El Presidente séduit, du début à la fin: mise en scène très soignée, création réussie d'une ambiance, acteurs convaincants, unité de ton et cohérence entre les différentes intrigues, message politique et dénonciation. Autant d'indicateurs d'un film maîtrisé.
Commençons par ce qui nous a davantage plu dans El Presidente: sa mise en scène géniale, audacieuse et très peaufinée, influencée bien sûr par Kubrick mais sans les travellings arrières qui sont sa marque de fabrique. De travelling il est néanmoins souvent question tant Santiago Mitre y a recours, toujours à bon escient. On pense ainsi à celui, latéral, qui en guise de présentation, filme le discours de Castex, chef des cabinets des ministres et bras droit du président, avant de s'arrêter sur un reflet sur une vitre pour montrer en symétrie la secrétaire du président comme un personnage agissant dans l'ombre et enfin glissant sur un tableau représentant une assemblée d'hommes politiques débattant et zoomant sur l'un d'entre eux qui nous regarde (l'admoniteur), nous, public, nous invitant à participer, à pénétrer dans le film. Ou bien celui, magnifique, (arrière cette fois-ci, mais ascendant) défocalisant la photo des chefs d'état pour montrer les hauts sommets de la cordillère des Andes comme pour passer de la pointe de l'iceberg à tout un monde gigantesque et secret se cachant derrière. Enfin, comment ne pas penser penser au Shining de Kubrick avec ce travelling avant suffocant progressant le long du couloir étroit de l'hôtel jusqu'au visage de la fille, ou encore avec ces routes en lacets symbolisant ici la complexité des intrigues entremêlées du monde politique?

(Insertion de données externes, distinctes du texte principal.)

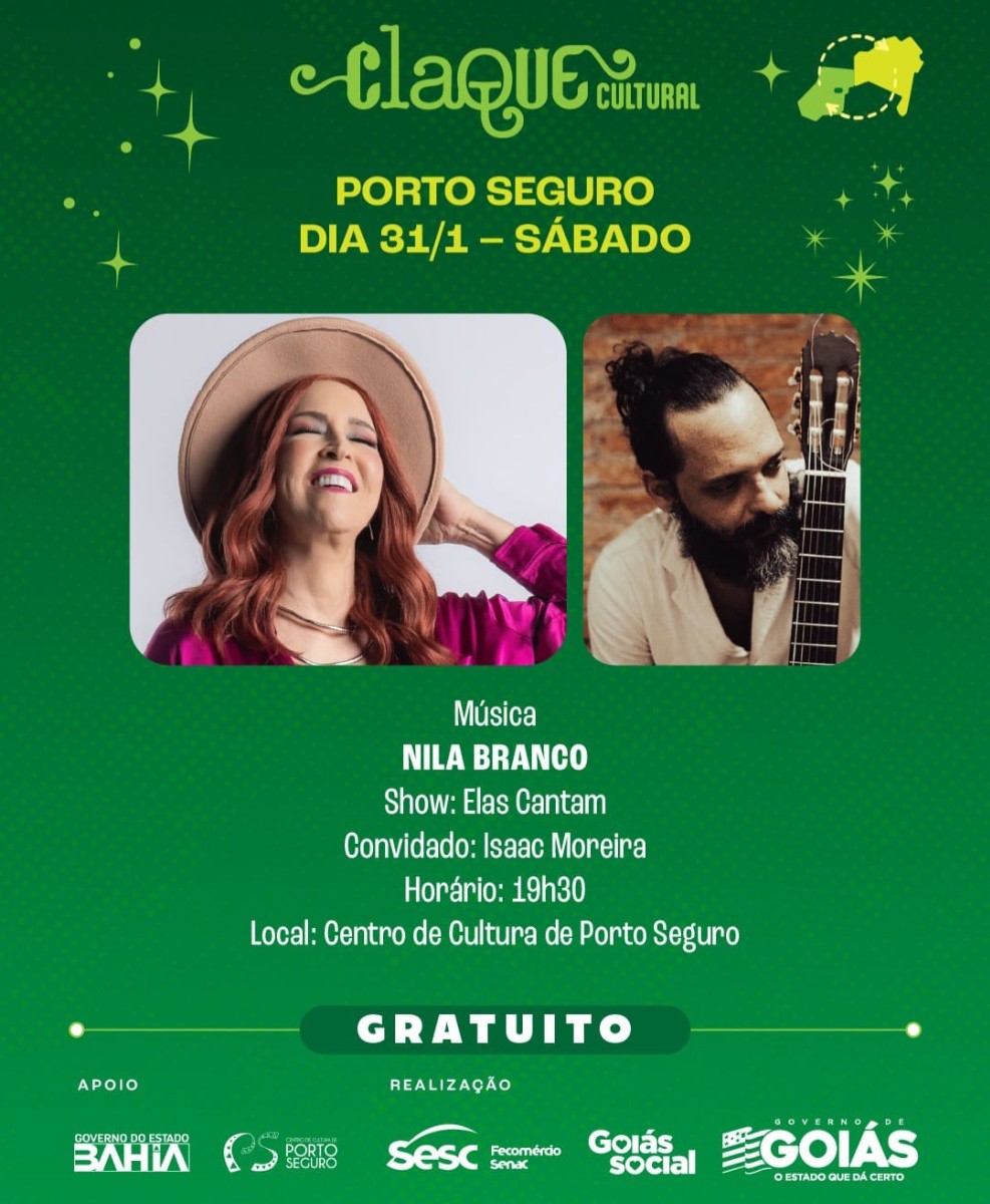 Dia 31/01 (sábado), às 19h30, no Centro de Cultura de Porto Seguro

De Kubrick, il est encore question avec le lieu de tournage choisi, cet hôtel isolé au milieu des montagnes, rappelant aussi Shining, mais ici lieu caché et placé dans une position supérieure où se joue le destin d'un continent, participant à créer une ambiance mystérieuse de thriller politique où se mêlent les intrigues dans un monde cynique où la manipulation et les mensonges d'état desservent un climat latent de paranoïa. Le mélange des sphères privée / publique va d'ailleurs dans ce sens, lorsqu'un membre de la famille s'immisce dans les affaires politiques. Ce va-et-vient entre l'intime et le collectif possède aussi l'avantage de toucher un public plus large (plus féminin surtout) et donc de ne pas s'enfermer exclusivement dans l'intrigue politique au profit de l'intrigue secondaire de la fille (l'excellente Dolores Fonzi) avec une légère incursion dans le fantastique. En détriment, nous regretterons un certain manque de profondeur, un traitement un peu superficiel de la question politique. Néanmoins, après ce petit écart narratif, Mitre revient sur le thème principal, avec une grande force dénonciatrice, en révélant des dérives créées par le libéralisme économique et le pouvoir des lobbys. Certaines références, si elles ne sont pas vraies, sont très vraisemblables, rappelant hélas bien des faits réels (le président Brésilien apparaît comme un mélange de Dina Roussef et Lula, le président Mexicain comme toujours aux pieds des États-Unis, la manipulation du gouvernement américain et leur infiltration dans les gouvernements latinos).
Un très bon moment de cinéma donc, grâce à ce jeune cinéaste argentin (38 ans à peine) dont on n'a certainement pas fini d'entendre parler.